▶ _RECORDS FOR THIS TASK_:
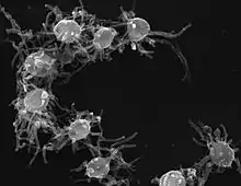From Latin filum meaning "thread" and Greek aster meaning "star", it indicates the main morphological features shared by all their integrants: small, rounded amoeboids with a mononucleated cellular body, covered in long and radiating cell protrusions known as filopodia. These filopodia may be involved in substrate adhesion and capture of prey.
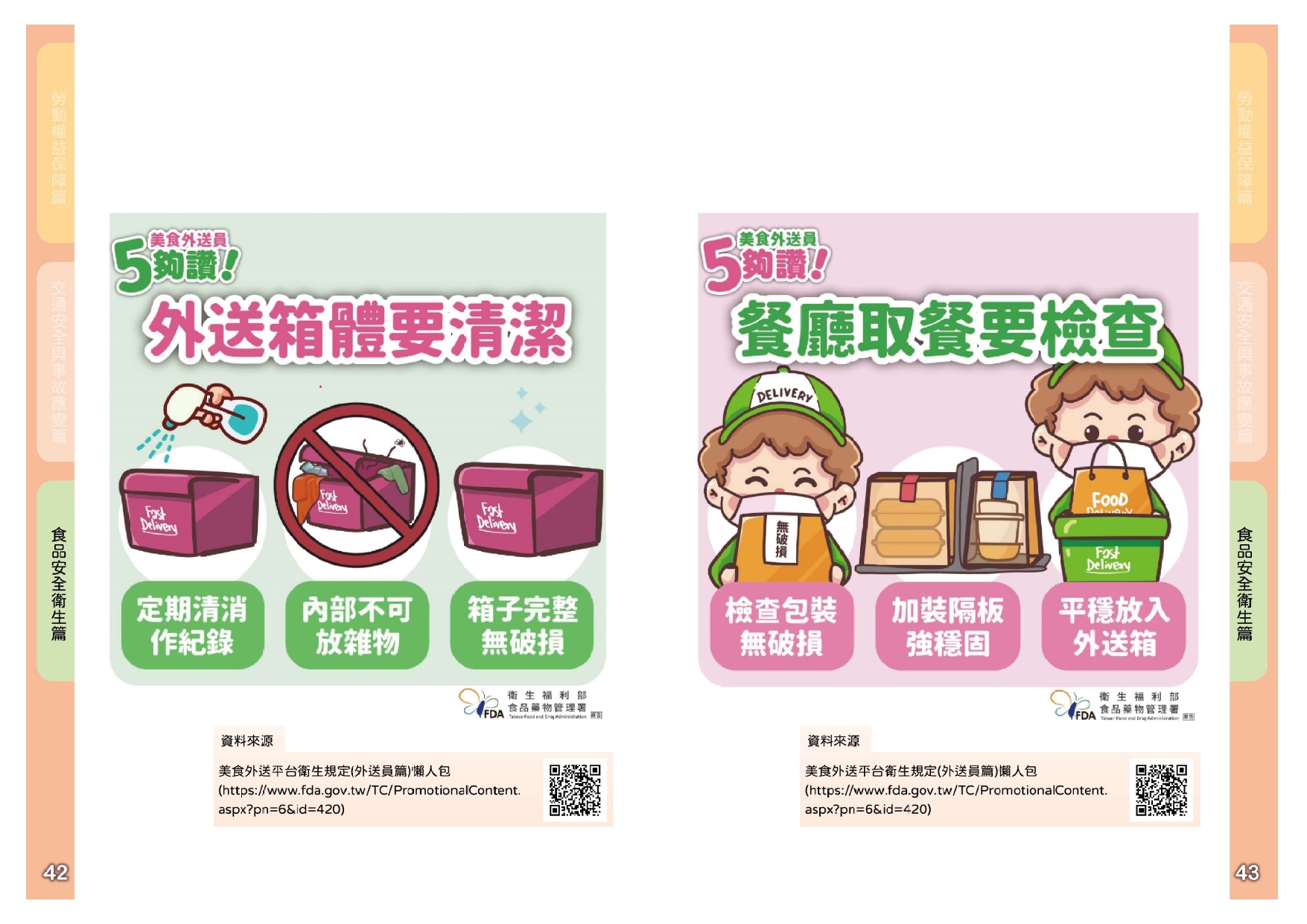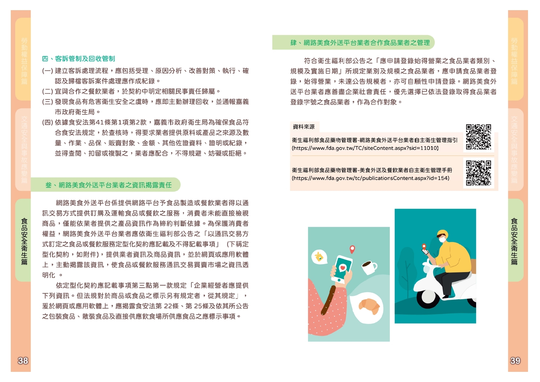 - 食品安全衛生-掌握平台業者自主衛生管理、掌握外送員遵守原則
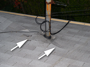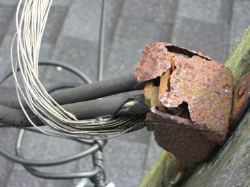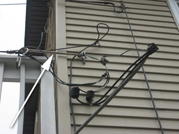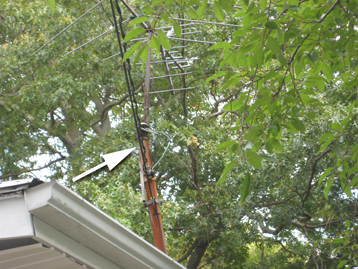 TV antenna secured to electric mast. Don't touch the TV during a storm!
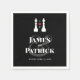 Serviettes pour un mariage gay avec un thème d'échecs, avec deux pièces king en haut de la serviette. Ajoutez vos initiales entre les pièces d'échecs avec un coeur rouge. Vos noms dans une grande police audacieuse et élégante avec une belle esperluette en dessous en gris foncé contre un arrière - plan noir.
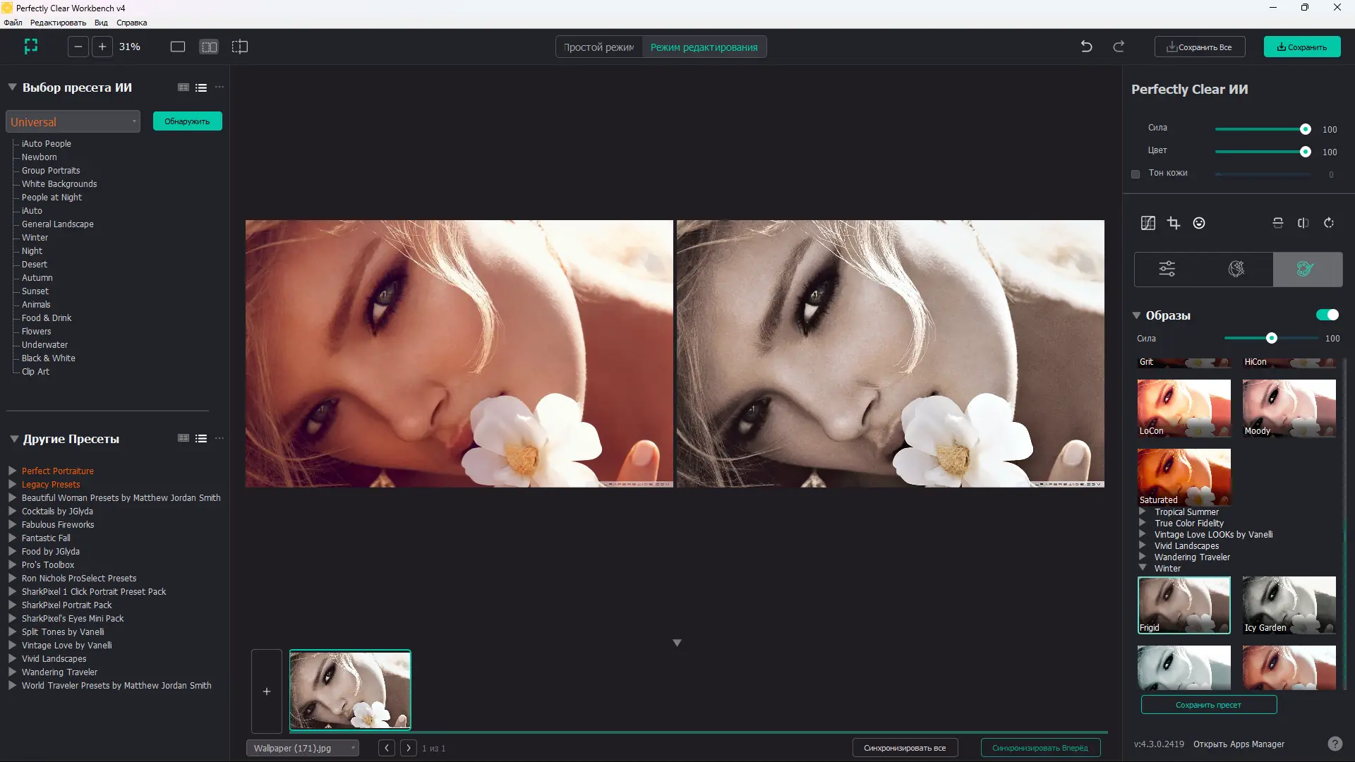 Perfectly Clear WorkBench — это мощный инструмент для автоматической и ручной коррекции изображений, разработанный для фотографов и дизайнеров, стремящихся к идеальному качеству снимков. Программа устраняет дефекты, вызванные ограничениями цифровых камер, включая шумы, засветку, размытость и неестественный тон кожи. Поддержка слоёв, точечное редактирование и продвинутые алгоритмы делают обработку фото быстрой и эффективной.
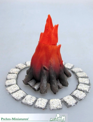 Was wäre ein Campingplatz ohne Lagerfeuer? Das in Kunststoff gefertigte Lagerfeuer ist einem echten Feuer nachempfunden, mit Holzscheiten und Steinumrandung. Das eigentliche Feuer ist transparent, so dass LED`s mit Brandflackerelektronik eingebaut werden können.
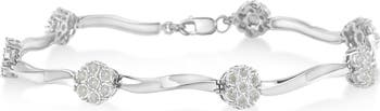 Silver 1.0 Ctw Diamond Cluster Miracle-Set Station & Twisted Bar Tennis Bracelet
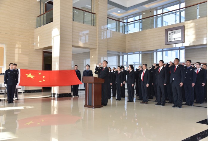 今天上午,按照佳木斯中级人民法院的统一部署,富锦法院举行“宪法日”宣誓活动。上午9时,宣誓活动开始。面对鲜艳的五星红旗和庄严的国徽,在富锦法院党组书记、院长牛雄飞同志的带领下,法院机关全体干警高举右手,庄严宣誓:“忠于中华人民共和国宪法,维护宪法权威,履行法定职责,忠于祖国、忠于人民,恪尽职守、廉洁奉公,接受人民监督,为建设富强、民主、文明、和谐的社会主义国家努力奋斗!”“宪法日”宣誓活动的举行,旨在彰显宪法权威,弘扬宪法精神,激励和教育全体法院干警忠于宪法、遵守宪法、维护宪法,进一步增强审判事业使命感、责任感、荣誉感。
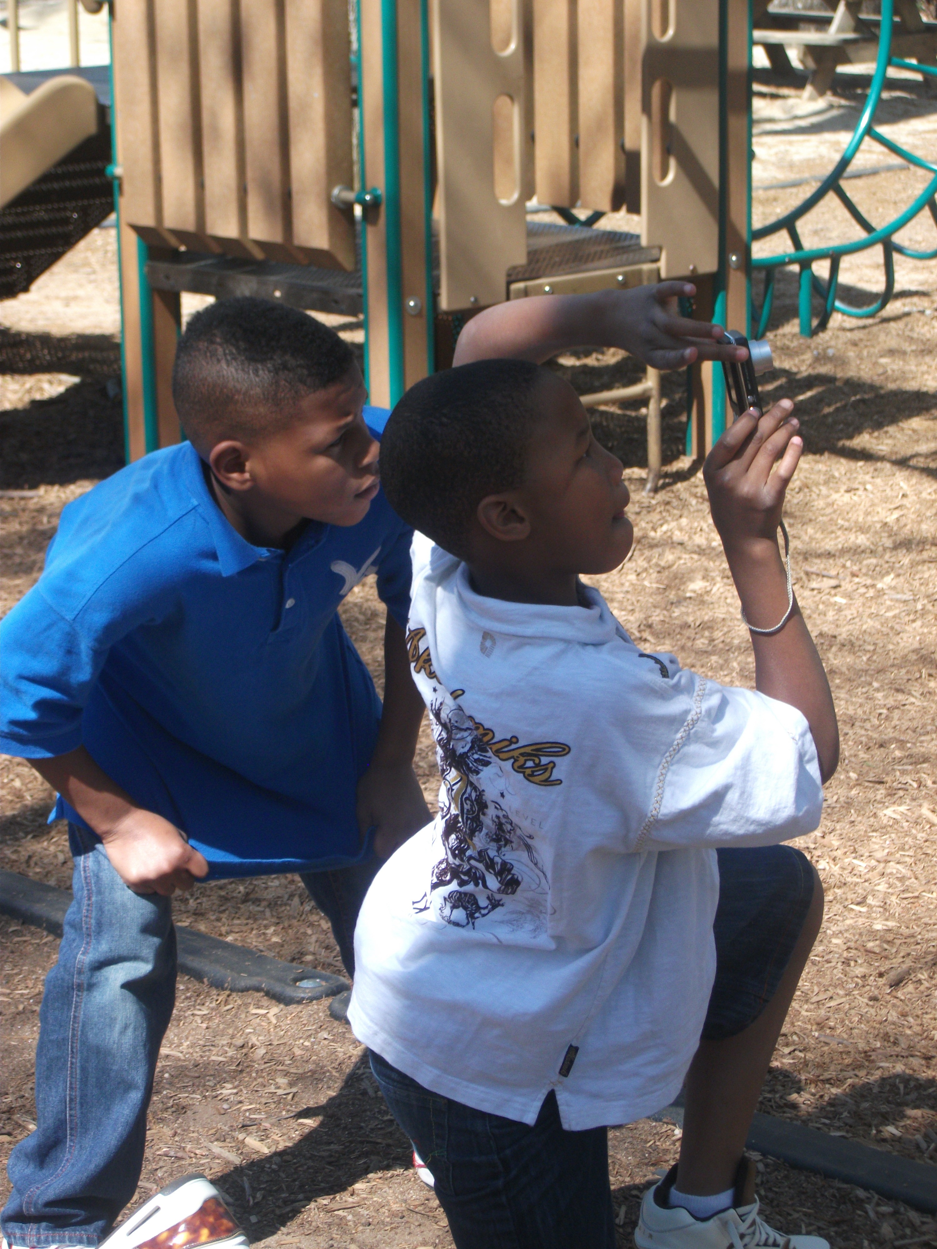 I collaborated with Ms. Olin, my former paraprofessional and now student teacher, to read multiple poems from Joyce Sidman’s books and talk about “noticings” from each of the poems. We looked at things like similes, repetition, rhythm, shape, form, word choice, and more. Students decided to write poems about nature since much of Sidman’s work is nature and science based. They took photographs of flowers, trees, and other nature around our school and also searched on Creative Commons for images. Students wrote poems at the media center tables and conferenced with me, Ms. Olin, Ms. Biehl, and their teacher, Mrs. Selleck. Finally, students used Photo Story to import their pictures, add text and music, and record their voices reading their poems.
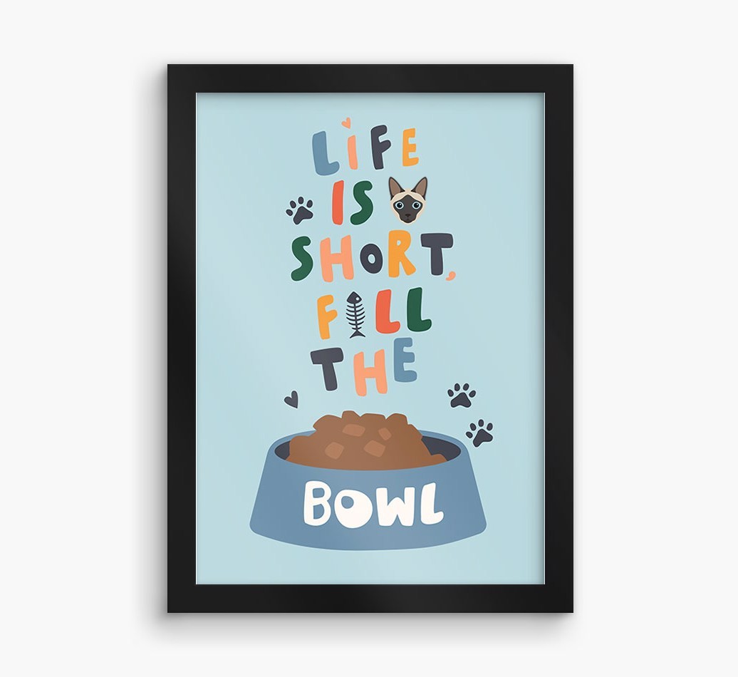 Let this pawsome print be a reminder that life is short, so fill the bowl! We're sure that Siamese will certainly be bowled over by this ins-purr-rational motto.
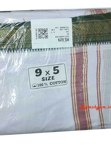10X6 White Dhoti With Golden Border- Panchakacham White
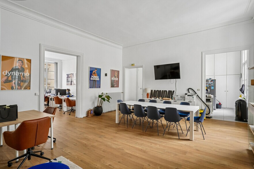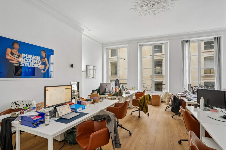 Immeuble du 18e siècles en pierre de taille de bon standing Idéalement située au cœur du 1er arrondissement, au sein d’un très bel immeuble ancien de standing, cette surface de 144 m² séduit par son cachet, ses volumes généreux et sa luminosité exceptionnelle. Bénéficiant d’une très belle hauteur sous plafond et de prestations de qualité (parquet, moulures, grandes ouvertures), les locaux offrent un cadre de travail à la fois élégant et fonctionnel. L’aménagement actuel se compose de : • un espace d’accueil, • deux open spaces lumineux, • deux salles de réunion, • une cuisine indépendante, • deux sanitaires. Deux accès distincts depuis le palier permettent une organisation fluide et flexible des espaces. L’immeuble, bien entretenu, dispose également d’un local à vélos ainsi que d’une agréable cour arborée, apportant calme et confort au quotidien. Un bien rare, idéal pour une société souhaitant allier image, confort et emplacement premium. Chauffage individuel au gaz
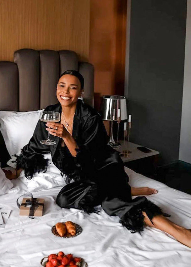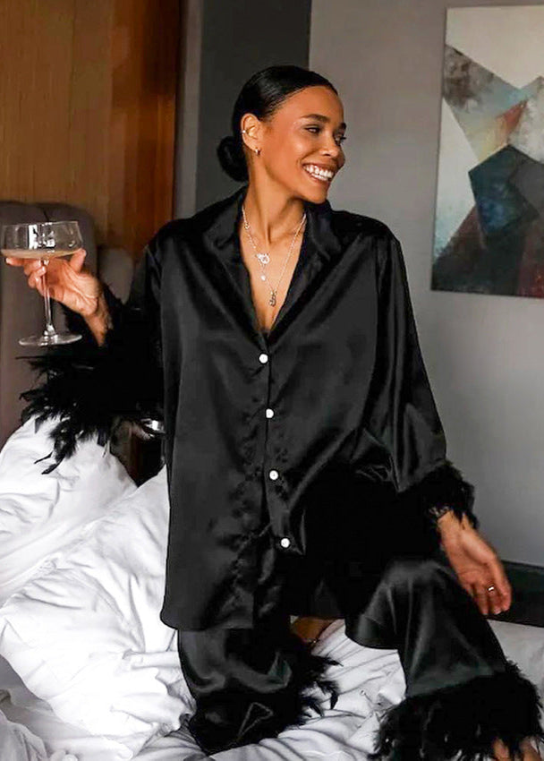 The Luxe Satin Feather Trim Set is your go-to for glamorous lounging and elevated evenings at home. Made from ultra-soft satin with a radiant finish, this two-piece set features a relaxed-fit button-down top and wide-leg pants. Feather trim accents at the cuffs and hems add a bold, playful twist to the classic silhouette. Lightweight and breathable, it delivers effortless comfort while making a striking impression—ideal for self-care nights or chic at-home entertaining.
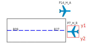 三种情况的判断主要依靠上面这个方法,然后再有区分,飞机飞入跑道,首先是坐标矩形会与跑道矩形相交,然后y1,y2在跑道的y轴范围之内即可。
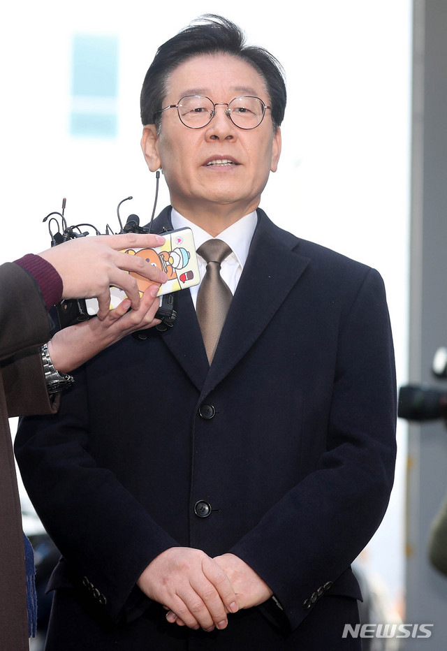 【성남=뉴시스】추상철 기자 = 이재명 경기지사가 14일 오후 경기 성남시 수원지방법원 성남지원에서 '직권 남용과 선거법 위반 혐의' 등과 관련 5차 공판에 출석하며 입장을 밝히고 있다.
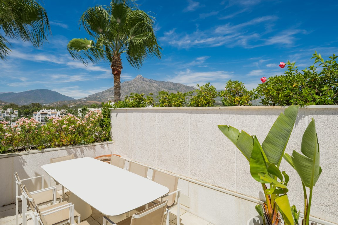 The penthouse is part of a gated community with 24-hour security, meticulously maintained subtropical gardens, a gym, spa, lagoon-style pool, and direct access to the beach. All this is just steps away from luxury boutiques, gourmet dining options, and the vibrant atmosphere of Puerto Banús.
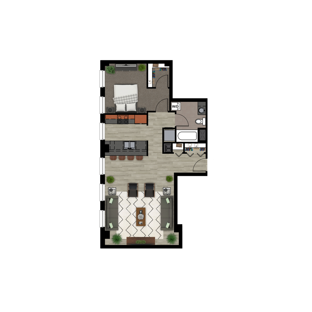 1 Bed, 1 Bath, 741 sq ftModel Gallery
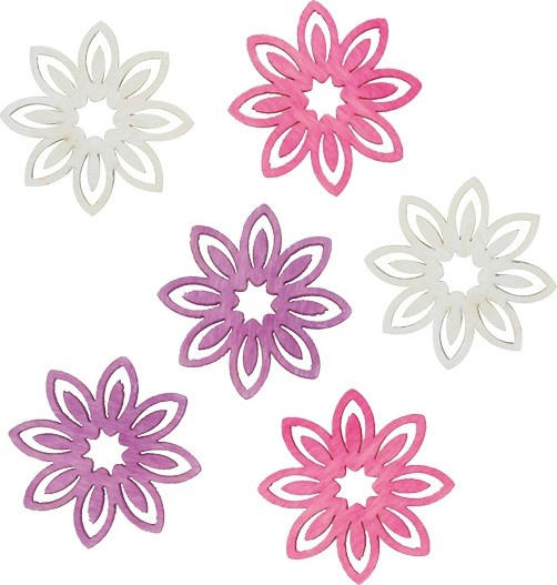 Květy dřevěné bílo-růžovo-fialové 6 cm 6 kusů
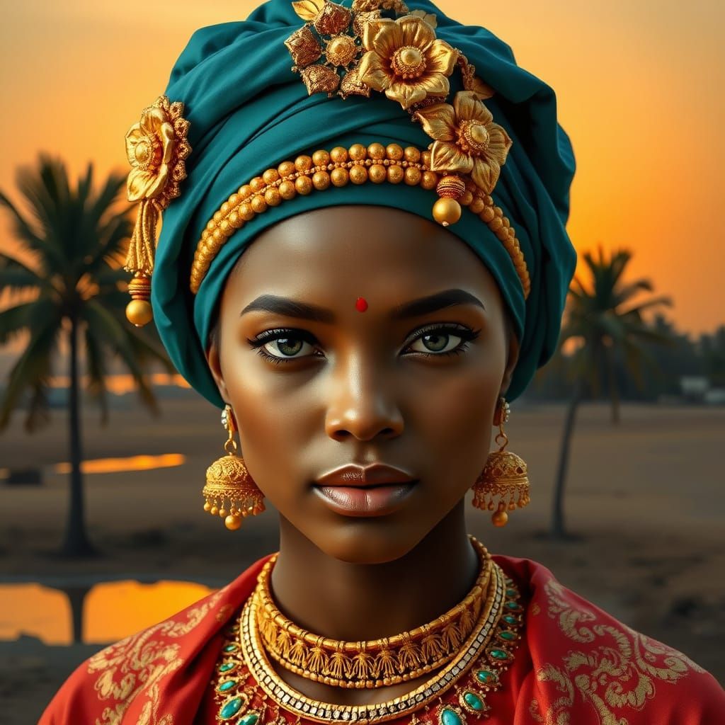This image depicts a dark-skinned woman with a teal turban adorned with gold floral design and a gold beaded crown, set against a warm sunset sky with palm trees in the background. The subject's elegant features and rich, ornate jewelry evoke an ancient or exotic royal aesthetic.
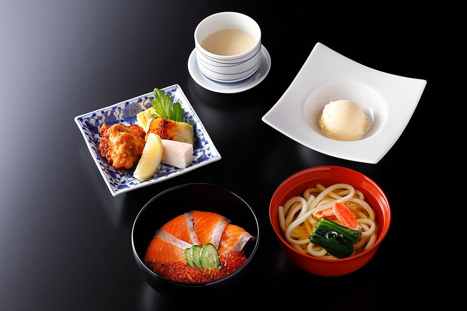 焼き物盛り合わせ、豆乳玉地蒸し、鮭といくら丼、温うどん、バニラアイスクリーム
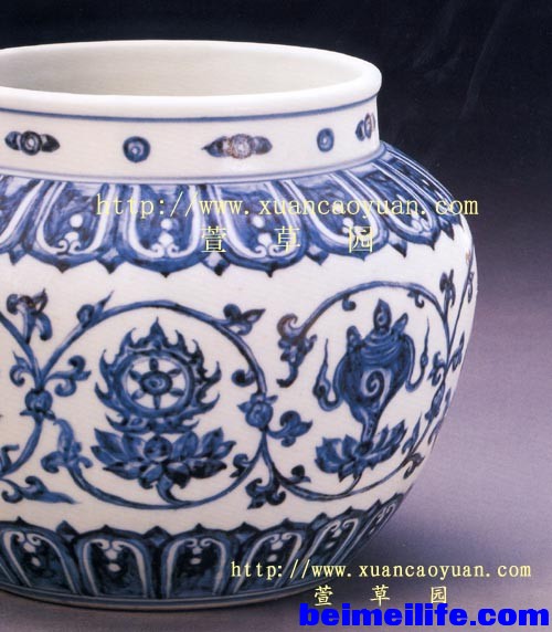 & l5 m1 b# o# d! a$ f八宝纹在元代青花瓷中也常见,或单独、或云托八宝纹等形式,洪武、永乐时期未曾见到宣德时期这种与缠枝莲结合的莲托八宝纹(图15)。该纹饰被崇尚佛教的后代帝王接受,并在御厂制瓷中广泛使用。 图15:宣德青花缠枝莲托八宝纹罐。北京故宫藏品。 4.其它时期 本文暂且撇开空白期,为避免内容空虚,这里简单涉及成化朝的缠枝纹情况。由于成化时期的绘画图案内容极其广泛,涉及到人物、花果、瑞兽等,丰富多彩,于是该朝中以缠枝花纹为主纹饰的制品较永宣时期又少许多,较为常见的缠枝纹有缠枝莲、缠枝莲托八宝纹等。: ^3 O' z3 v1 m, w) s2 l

▶ _EXERCISE_: What you write must match the listing exactly, from the line with "10X6 White Dhoti" up to and including the line with "Immeuble du 18e". Pictures stay out.

▶ _ANSWER TO THIS PROBLEM_:
10X6 White Dhoti With Golden Border- Panchakacham White
 Immeuble du 18e siècles en pierre de taille de bon standing Idéalement située au cœur du 1er arrondissement, au sein d’un très bel immeuble ancien de standing, cette surface de 144 m² séduit par son cachet, ses volumes généreux et sa luminosité exceptionnelle. Bénéficiant d’une très belle hauteur sous plafond et de prestations de qualité (parquet, moulures, grandes ouvertures), les locaux offrent un cadre de travail à la fois élégant et fonctionnel. L’aménagement actuel se compose de : • un espace d’accueil, • deux open spaces lumineux, • deux salles de réunion, • une cuisine indépendante, • deux sanitaires. Deux accès distincts depuis le palier permettent une organisation fluide et flexible des espaces. L’immeuble, bien entretenu, dispose également d’un local à vélos ainsi que d’une agréable cour arborée, apportant calme et confort au quotidien. Un bien rare, idéal pour une société souhaitant allier image, confort et emplacement premium. Chauffage individuel au gaz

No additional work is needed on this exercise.